Information shown:
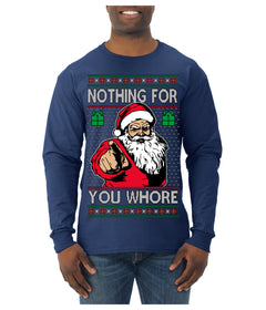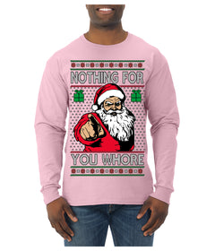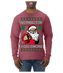 Nothing For You Whore Funny Vulgar Santa Claus Ugly Christmas Sweater Mens Long Sleeve Shirt
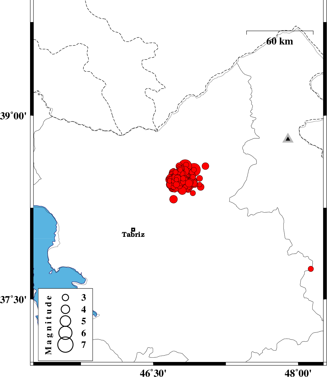 | 2012/08/11 | 12:23:16.2 | 16:53:16.2 | 38.55 | 46.87 | 15 | Mb6.1 | Azarbaijan Sharghi Province, 20 km West of Ahar |
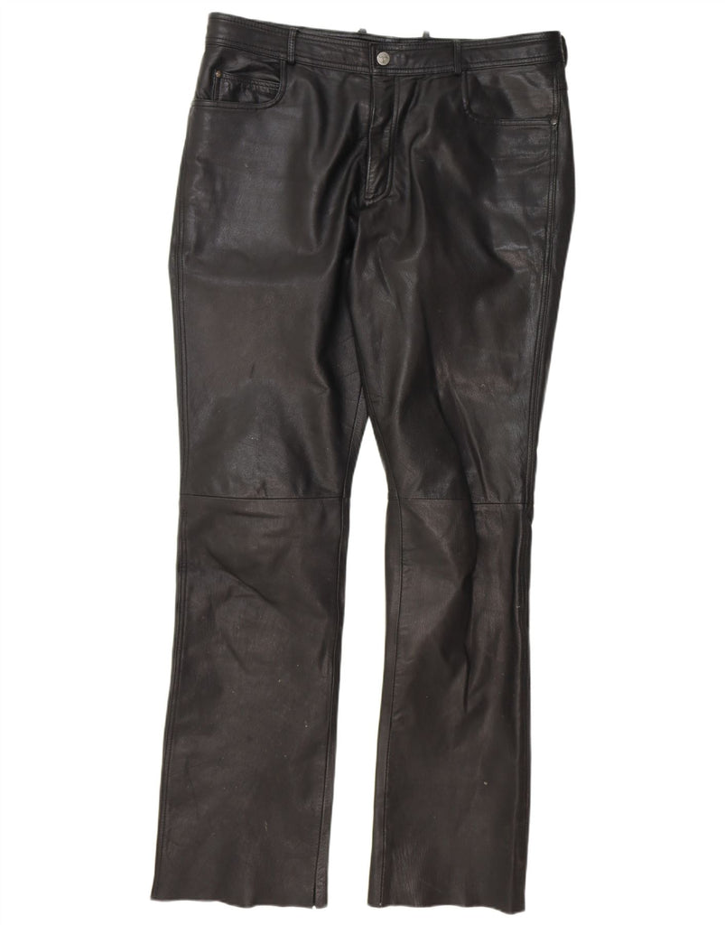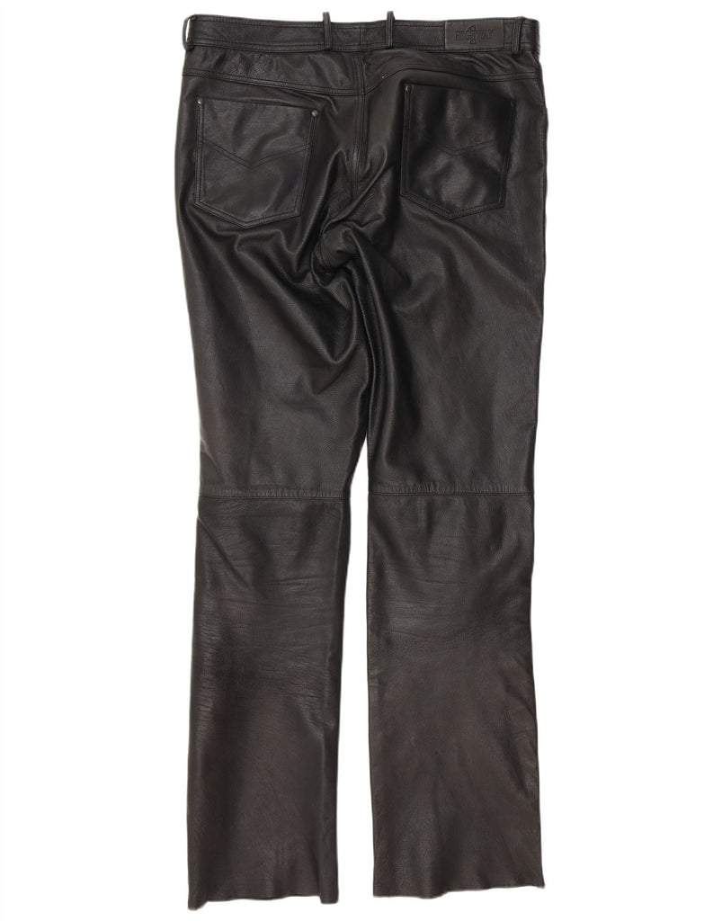 HIGHWAY 1 Mens Straight Leather Trousers IT 54 2XL W36 L35 Black Leather
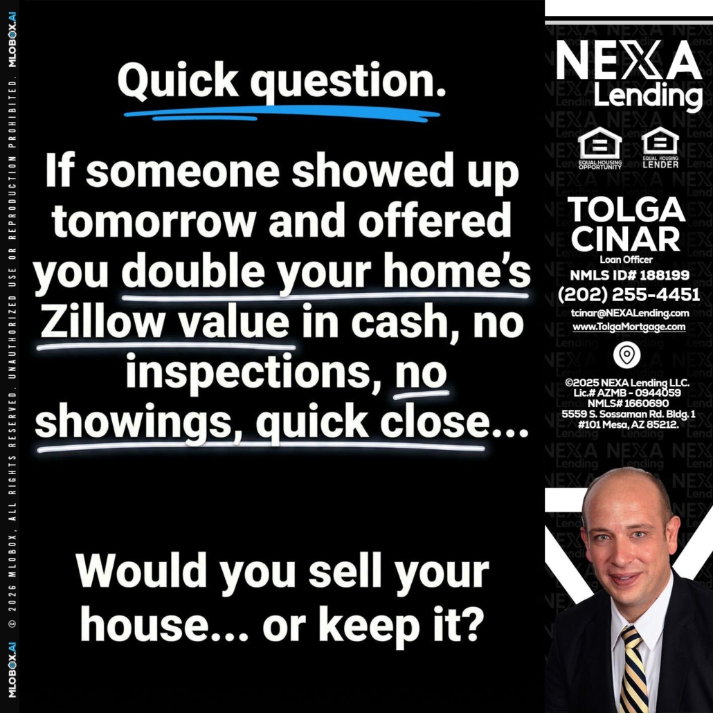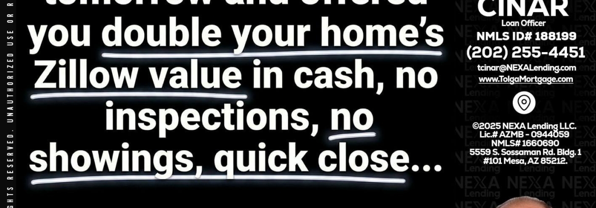 Hi, my name is Tolga Cinar. I’m a Loan Officer with NEXA Lending LLC., offering personalized mortgage solutions, fast customized quotes, great rates and service with integrity.
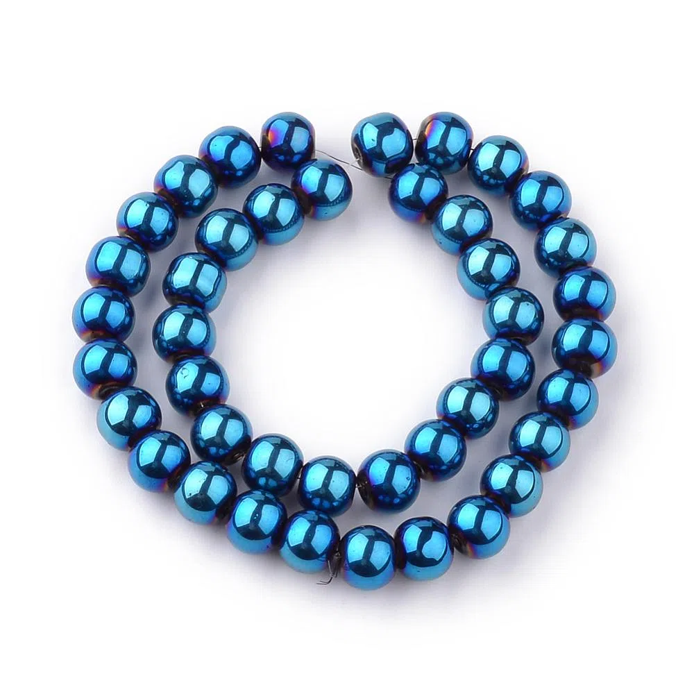 Margele de sticla sferice, culoare - albastru electroplacat, dimensiune - 8 mm, diametru gaura - 1.5 mm.
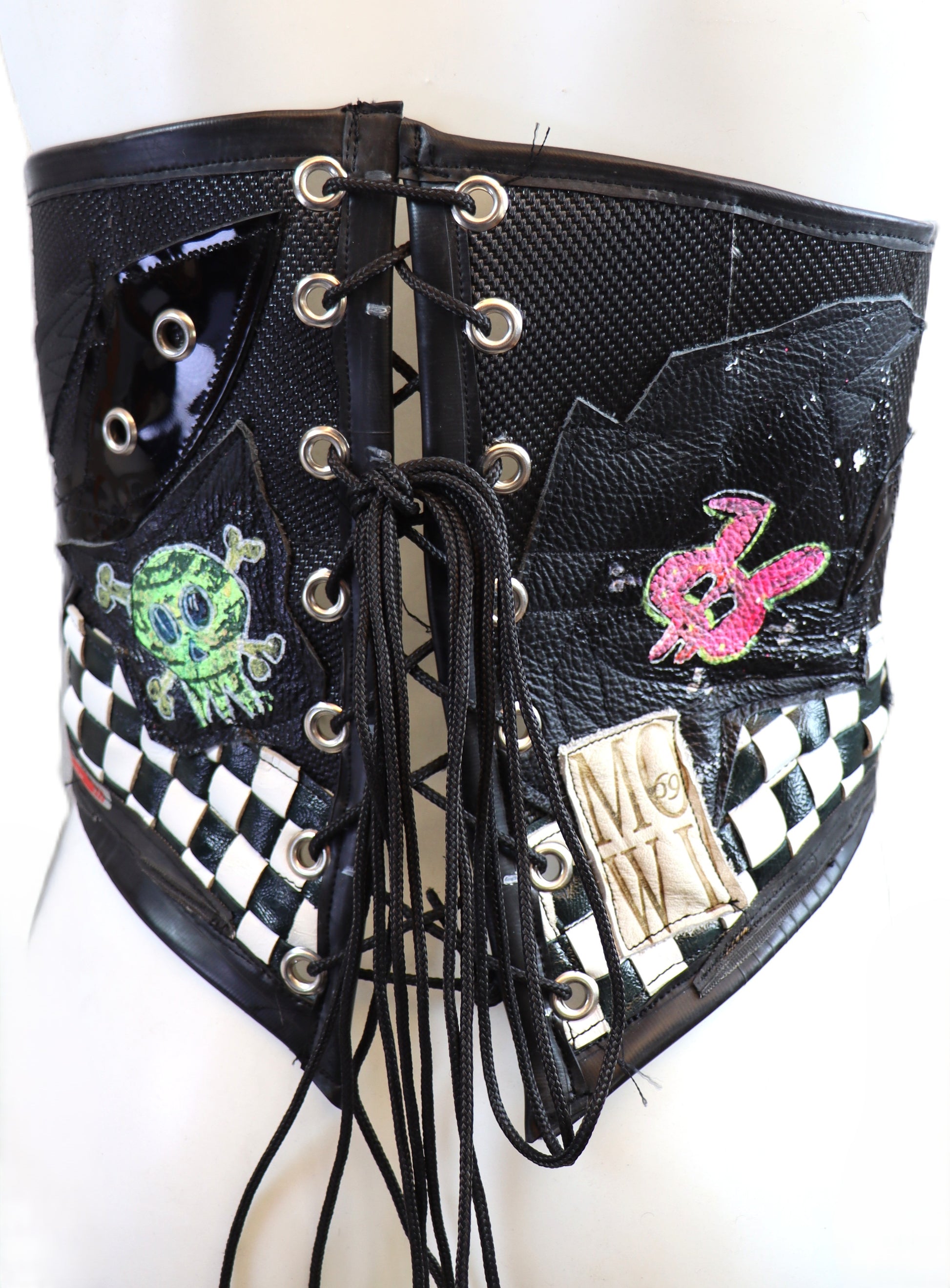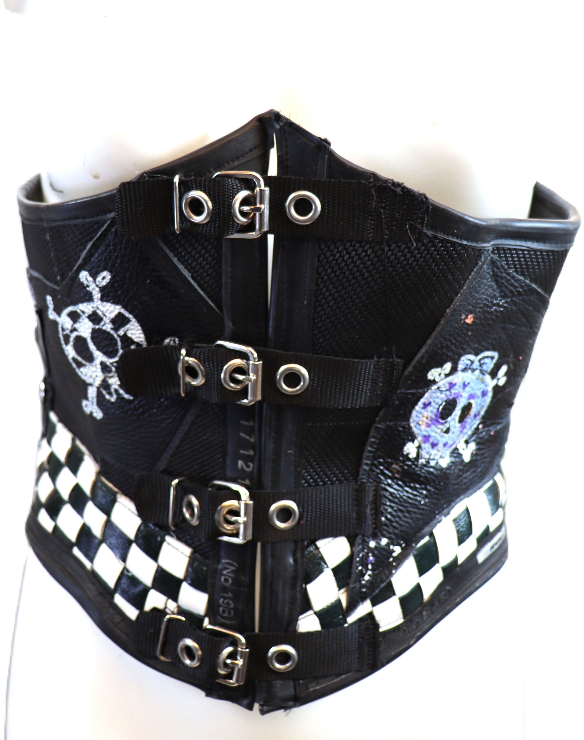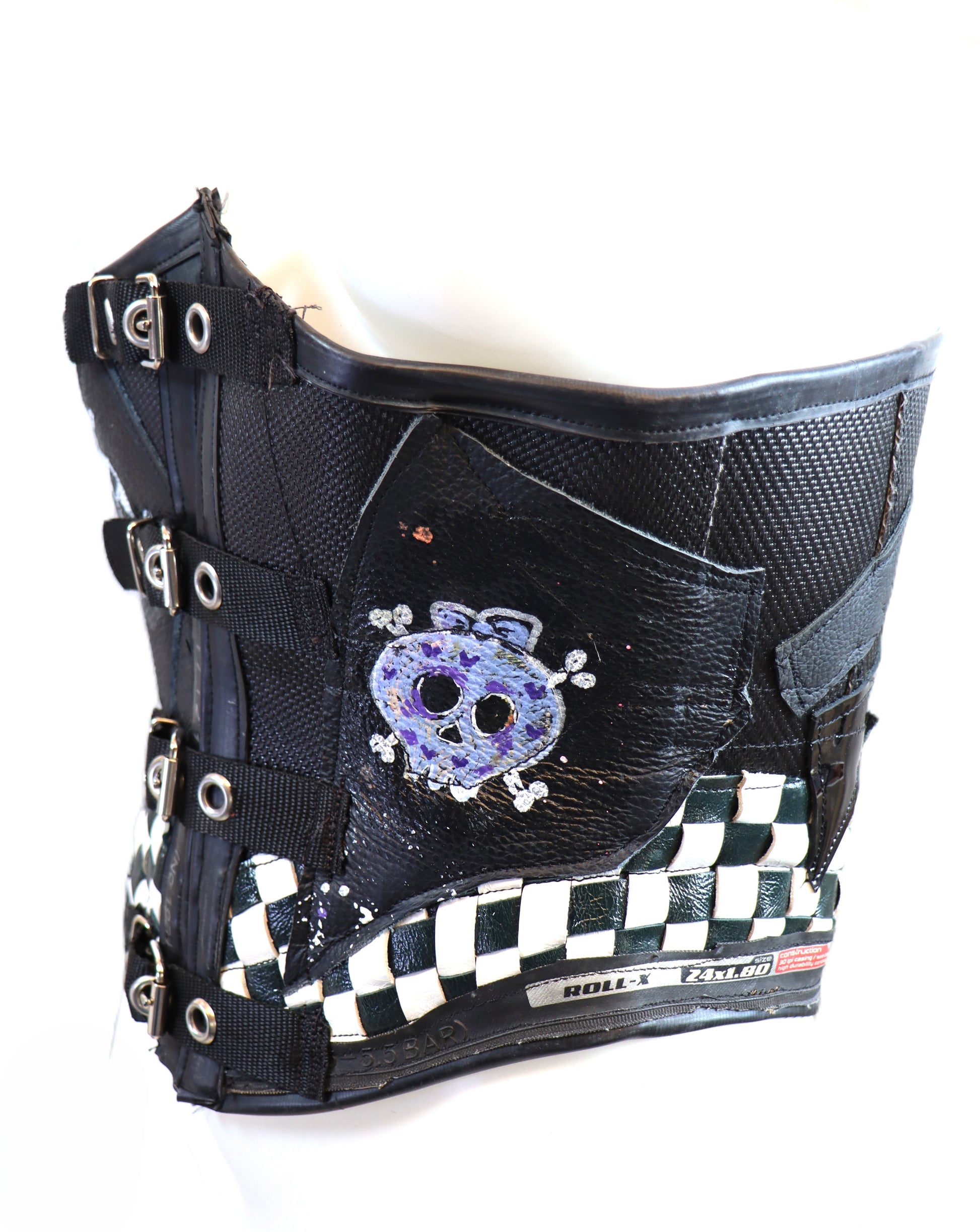 Handgefertigte Unterbrust Corsage aus schwarzem Feuerwehrschlauch mit Totenkopf Applikationen. Sie kann im Rücken durch Schnüre angepasst werden. Vorne können die Schnallen geöffnet werden.

Work required: Pictures stay out of the copy; please restate every record above exactly.

Answer to the exercise:
 Nothing For You Whore Funny Vulgar Santa Claus Ugly Christmas Sweater Mens Long Sleeve Shirt
 | 2012/08/11 | 12:23:16.2 | 16:53:16.2 | 38.55 | 46.87 | 15 | Mb6.1 | Azarbaijan Sharghi Province, 20 km West of Ahar |
 HIGHWAY 1 Mens Straight Leather Trousers IT 54 2XL W36 L35 Black Leather
 Hi, my name is Tolga Cinar. I’m a Loan Officer with NEXA Lending LLC., offering personalized mortgage solutions, fast customized quotes, great rates and service with integrity.
 Margele de sticla sferice, culoare - albastru electroplacat, dimensiune - 8 mm, diametru gaura - 1.5 mm.
 Handgefertigte Unterbrust Corsage aus schwarzem Feuerwehrschlauch mit Totenkopf Applikationen. Sie kann im Rücken durch Schnüre angepasst werden. Vorne können die Schnallen geöffnet werden.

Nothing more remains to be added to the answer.